Posted On : 2013-06-30 00:45:14( TIMEZONE : IST )

HDFC Limited - Business as Usual - ANTIQUE

We met with the management of HDFC Limited and below are the key highlights:

Easing wholesale rates should lead to uptick in incrementally spreads

With CP & CD rates having declined by about 50-100bps since March 2013, we believe that HDFC limited is likely to be key beneficiaries of an easing wholesale rate in the system. The company has raised 3 year money at 8.48% (vs. 9.35% in March 2013).Hence Re-pricing of high-cost term deposits coupled with benign wholesale deposit rates will lead to lower cost of funds and expanding margins. Incremental funding for HDFC limited is coming from money market issuances i.e. Bonds, debentures, FRN and CPs which are 50bps cheaper than March 2013. In fact the bank funding has come down by INR 40-50bn since march and is replaced with bonds. Loan yields are holding up because of base rates regimes at banks and hence incrementally spreads for the company are likely to be higher than portfolio spreads during 1Q. Management expects spreads to remain flat within its historical band of 2.15-2.35%.

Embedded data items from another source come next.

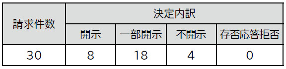 令和6年度の請求件数は30件(令和5年度は18件)で、決定内訳は下表のとおりです。また、開示などの決定に対する審査請求は1件(令和5年度は0件)でした。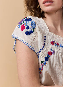This cotton blouse is perfect for any occasion with its short sleeves, delicate lace trim, and charming floral embroidery. Add a touch of atmosphere to your wardrobe with this playful and stylish top!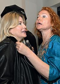 Церемония открытия выставки "Нити. Ткань современного искусства" под кураторством галеристки Нины Гомиашвили в фонде Ruarts. Куратор выставки Нина Гомиашвили (слева) и совладелица детского бутика Bonpoint Анна Андронова (справа) на церемонии.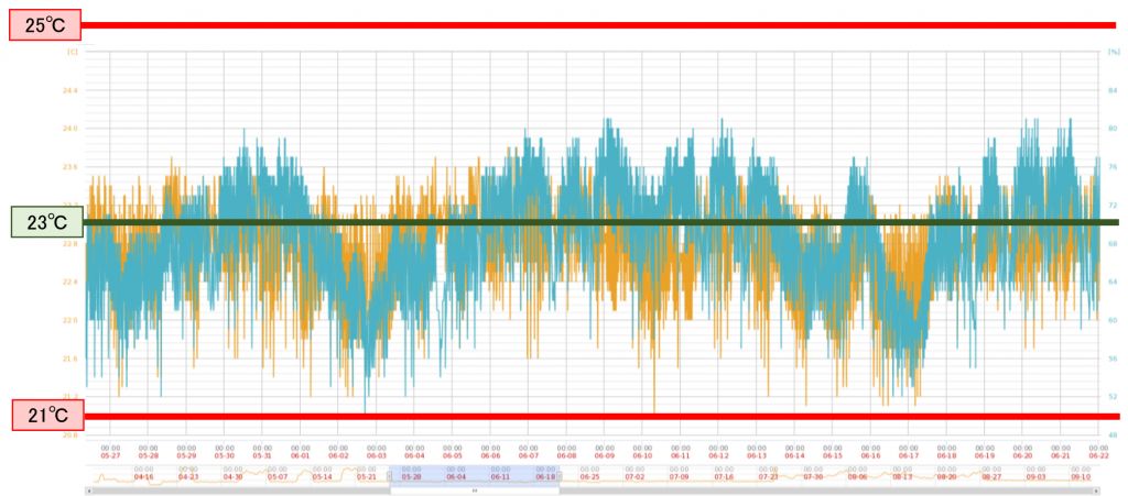 そもそも恒温恒湿とは、「温度、湿度共に一定に保っていることであり、 特に製品試験室などに適用される。しかし非常に難しい空調であり、熱交換形換気機器など使用し、恒温恒湿している。また、このことを特殊空調とも言われる。」(wikipediaより引用)とありますように、温度や湿度を一定に保った状態で品質にどの程度影響があるのかを測定しています。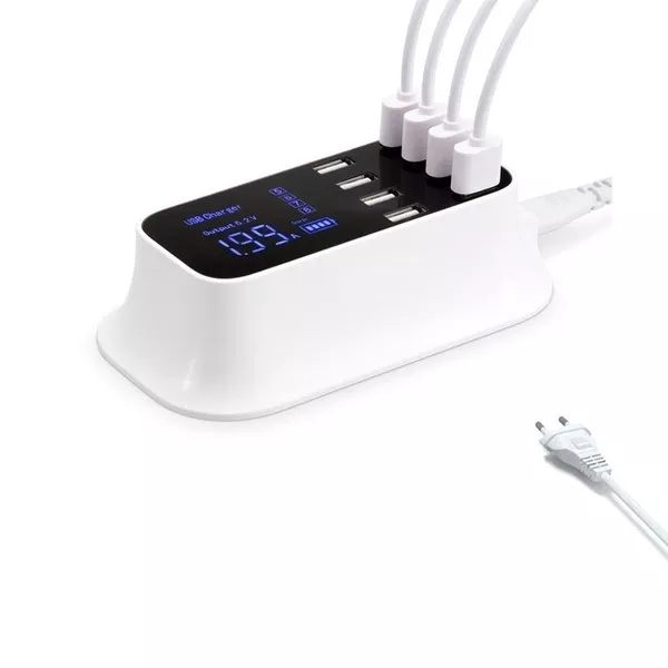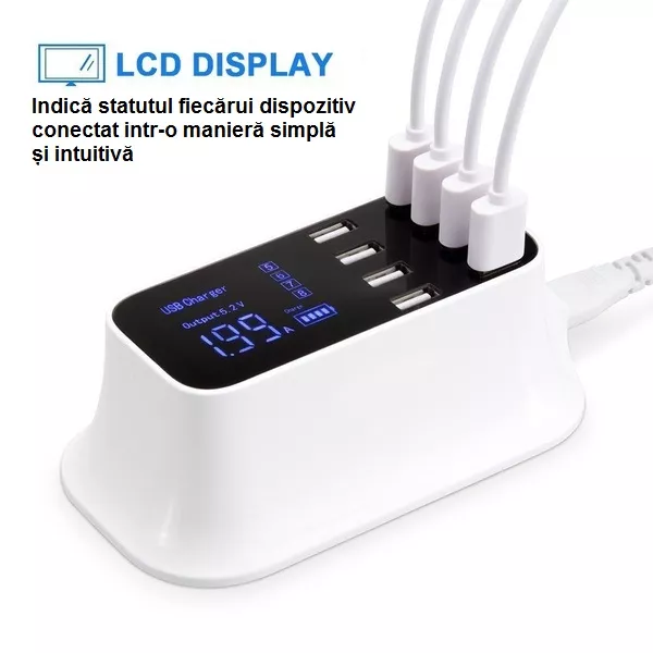 Alimentator incarcator 100-240VAC – 8x USB 8A 40W cu display alb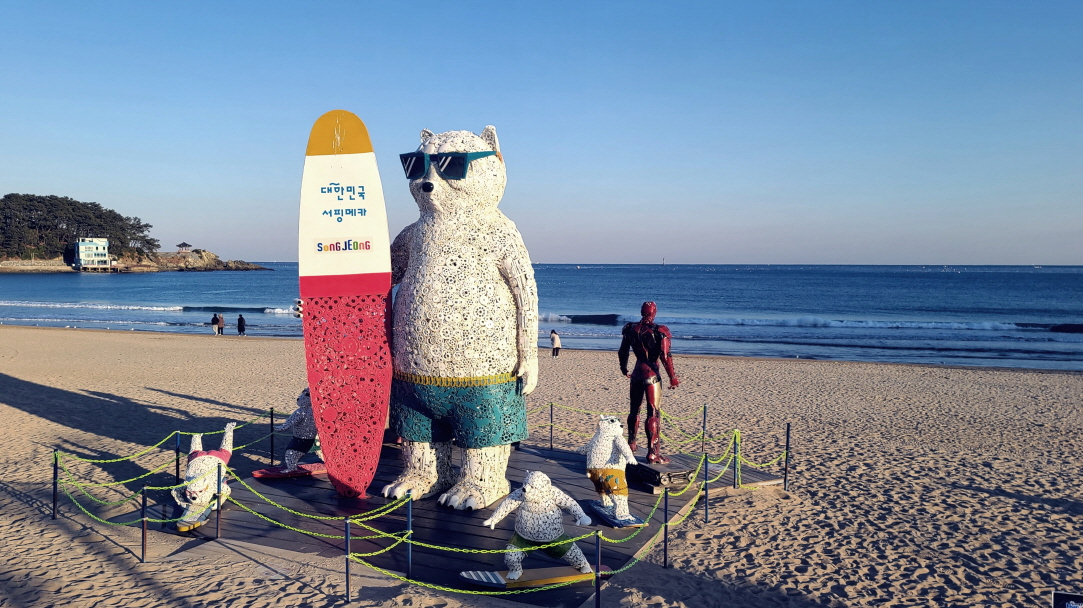 송정역 안쪽 (근대 역사 건축물에 등록되어 있다고 한다.)멀리 청사포 다릿돌 전망대 스카이워크가 보인다.송정해수욕장은 써핑의 천국으로 젊은 사람들에게 인기가 높다고 한다.송정해수욕장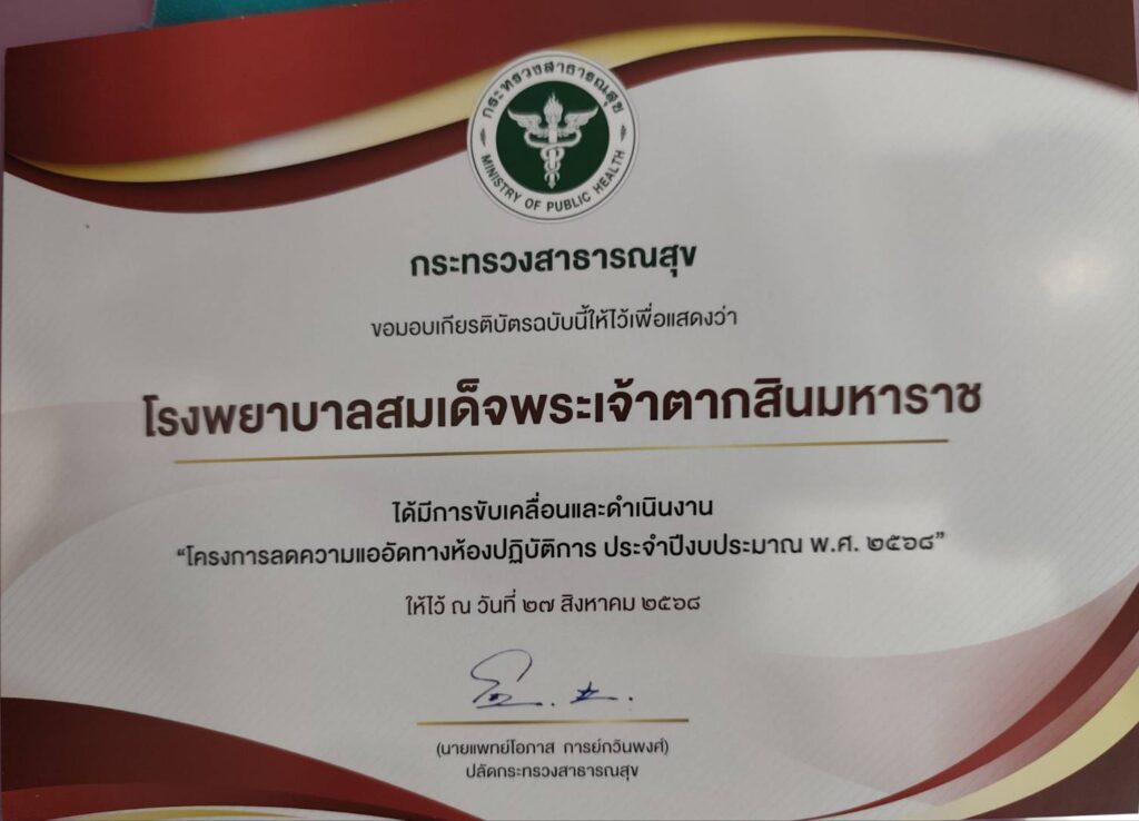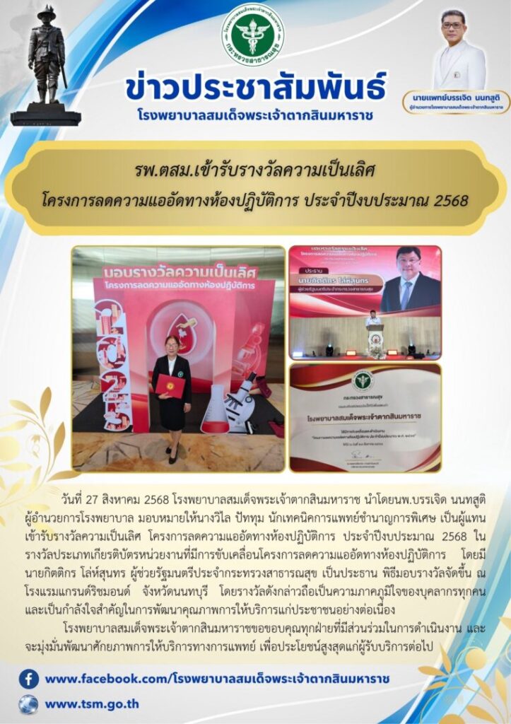 วันที่ 27 สิงหาคม 2568 โรงพยาบาลสมเด็จพระเจ้าตากสินมหาราช นำโดยนพ.บรรเจิด นนทสูติ ผู้อำนวยการโรงพยาบาล มอบหมายให้นางวิไล ปัททุม นักเทคนิคการแพทย์ชำนาญการพิเศษ เป็นผู้แทนเข้ารับรางวัลความเป็นเลิศ โครงการลดความแออัดทางห้องปฏิบัติการ ประจำปีงบประมาณ 2568 ในรางวัลประเภทเกียรติบัตรหน่วยงานที่มีการขับเคลื่อนโครงการลดความแออัดทางห้องปฏิบัติการ โดยมี นายกิตติกร โล่ห์สุนทร ผู้ช่วยรัฐมนตรีประจำกระทรวงสาธารณสุข เป็นประธาน พิธีมอบรางวัลจัดขึ้น ณ โรงแรมแกรนด์ริชมอนด์ จังหวัดนนทบุรี โดยรางวัลดังกล่าวถือเป็นความภาคภูมิใจของบุคลากรทุกคน และเป็นกำลังใจสำคัญในการพัฒนาคุณภาพการให้บริการแก่ประชาชนอย่างต่อเนื่อง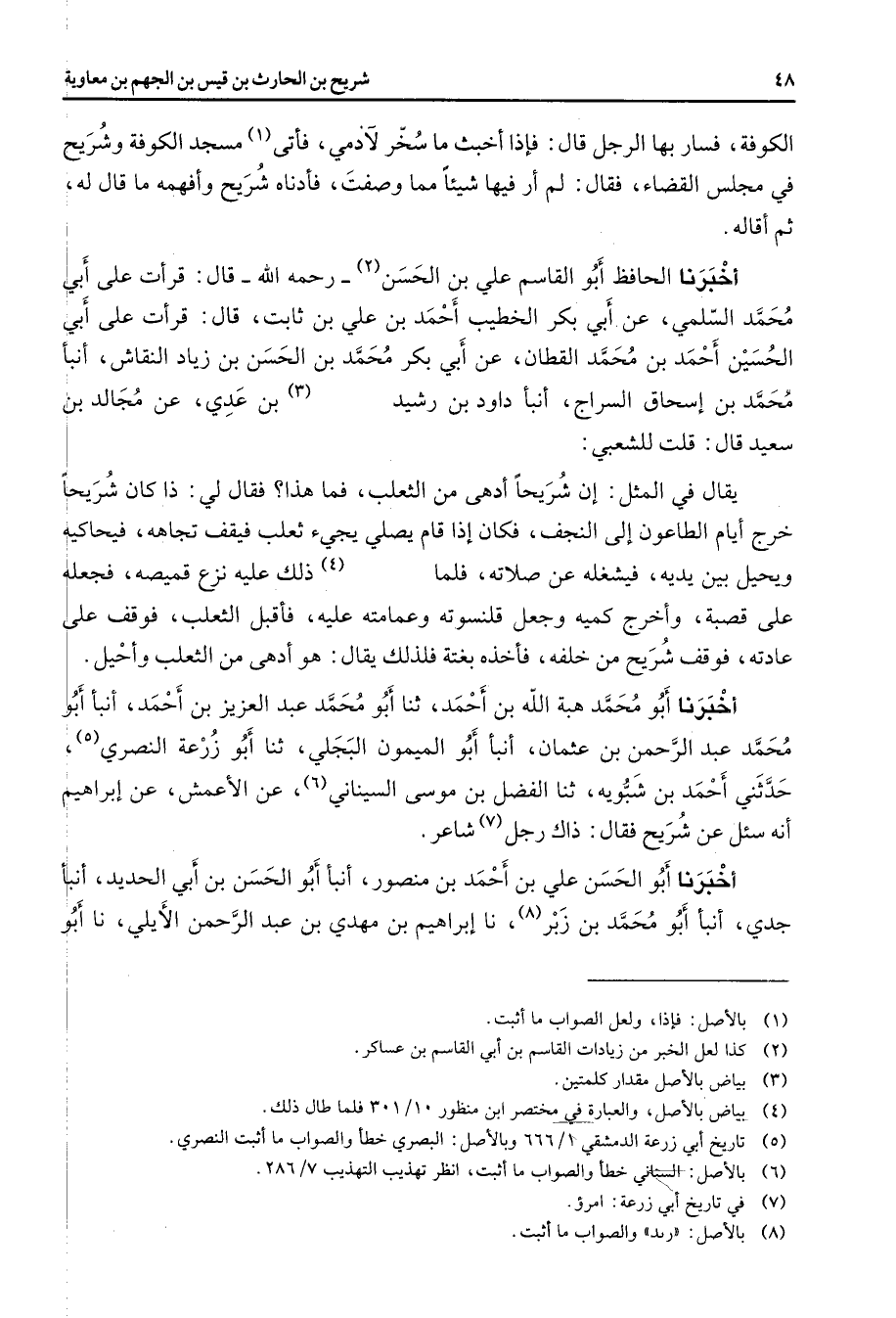 الكوفة فسار بها الرجل قال فإذا أخبث ما سخر لآدمي فأتى (1) مسجد الكوفة وشريح في مجلس القضاء فقال لم أر فيها شيئا مما وصفت فأدناه شريح وأفهمه ما قال له ثم أقاله أخبرنا الحافظ أبو القاسم علي بن الحسن (2) رحمه الله قال قرأت على أبي محمد السلمي عن أبي بكر الخطيب أحمد بن علي بن ثابت قال قرأت على أبي الحسين أحمد بن محمد القطان عنأبي بكر محمد بن الحسن بن زياد النقاش أنبأ محمد بن إسحاق السراج أنبأ داود بن رشيد (3) بن عدي عن مجالد بن سعيد قال قلت للشعبي يقال في المثل إن شريحا أدهى من الثعلب فما هذا فقال لي ذا كان شريحا خرج أيام الطاعون إلى النجف فكان إذا قام يصلي يجئ ثعلب فيقف تجاهه فيحاكيه ويحيل بين يديه فيشغله عن صلاته فلما (4) ذلك عليه نزع قميصه فجعله على قصبة وأخرج كميه وجعل قلنسوته وعمامته عليه فأقبل الثعلب فوقف على عادته فوقف شريح من خلفه فأخذه بغتة فلذلك يقال هو أدهى من الثعلب وأحيل أخبرنا أبو محمد هبة الله بن أحمد ثنا أبو محمد عبد العزيز بن أحمد أنبأ أبو محمد عبد الرحمن بن عثمان أنبأ أبو الميمون البجلي ثنا أبو زرعة النصري (5) حدثني أحمد بن شبويه ثنا الفضل بن موسى السيناني عن الأعمش عن إبراهيم أنه سئل عن شريح فقال ذاك رجل (7) شاعر أخبرنا أبو الحسن علي بن أحمد بن منصور أنبأ أبو الحسن بن أبي الحديد أنبأ جدي أنبأ أبو محمد بن زبر (8) نا إبراهيم بن مهدي بن عبد الرحمن الأيلي نا أبو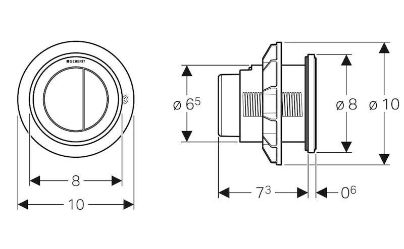 - Kombinovatelný s ovládacími tlačítky Geberit pro 1 množství splachování a splachování Start/Stop nebo krycí deskou Geberit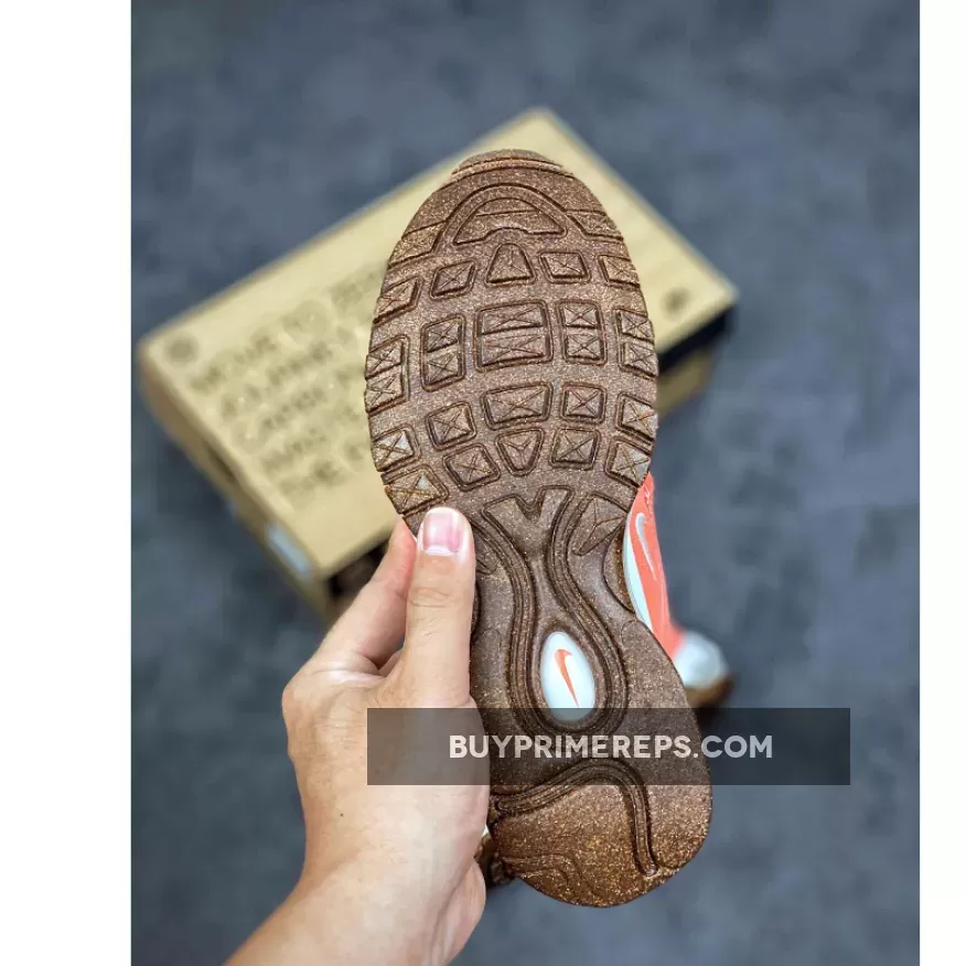 The Nike Air Max 97 Cork Pink also features a transparent cassette in the full-length Air unit, showcasing the white construction inside. This transparent design element adds depth and visual intrigue, allowing wearers to appreciate the innovative technology that provides superior cushioning and comfort.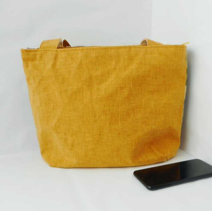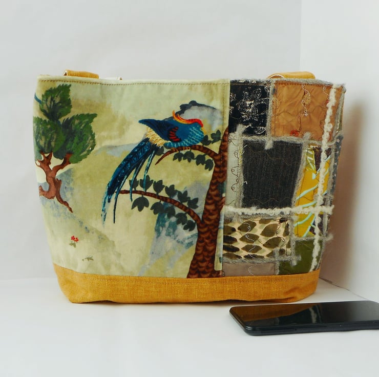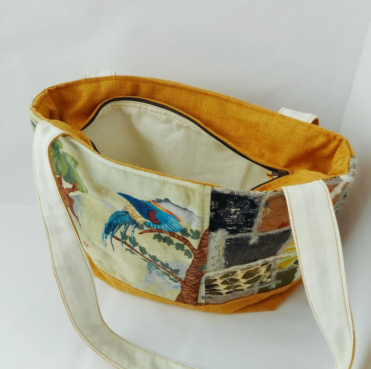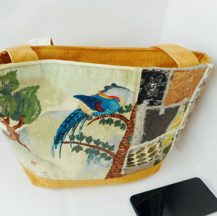 Made from mixed fabrics. The main fabric is a mustard yellow furnishing fabric. The front panel is pieced together. The larger section is made from offcuts of furnishing weight velvet with an exotic pheasant print - Aesop velvet, by Linwood Fabrics. It is 100% cotton velvet and is a handpainted design. Retail cost is around £200/m.
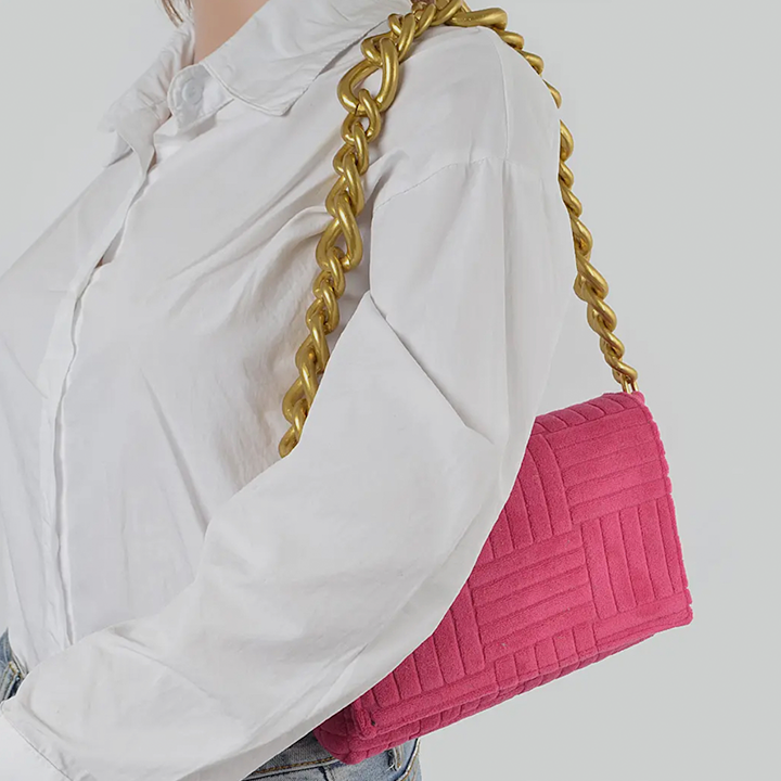 Get ready for summer with our Pink Terry Clutch! Made from soft terry cloth, this clutch features a stylish gold link chain, making it the perfect accessory for any summer outfit. Say goodbye to bulky bags and hello to effortless style.

Mortgage buoyancy continues, asset quality stable

Retail growth momentum for the company remained intact at 25%YoY in FY13, thereby contributing around 80% of incremental loan growth. Despite adverse macro environment, management expects loan book to remain healthy at 18-20% levels for FY14e. Management highlighted that despite a lot of investor pessimism, current health of real estate companies is far better than during the credit crisis given that these companies have relatively lower leverage. Further, they are not facing any asset quality issues related to their retail loan portfolio. In fact, GNPA ratios continued to improve YoY for a 33rd consecutive quarter in a row during 4Q FY13.

Lower provisioning and risk weight on developer loans to residential projects

Reserve Bank of India has recently lowered provisioning (from 1% to 0.75%) and risk weights on bank loans (from 100% to 75%) to commercial real estate segment specifically for residential housing projects. NHB which regulates housing finance companies is likely to follow suit and issue similar guidelines for HFC's. Hence based on our calculations, this move will lead to provisioning release of 120bps of FY14E earnings and capital release of 180bps of FY13E Tier 1.

Valuation and outlook

At the CMP of INR 837, HDFC is trading at 4x FY15E P/BV and 19.9x FY15E P/E which continues to remain a tad expensive given the near term challenges. Hence, we maintain a HOLD recommendation on the stock with a TP of INR840/share.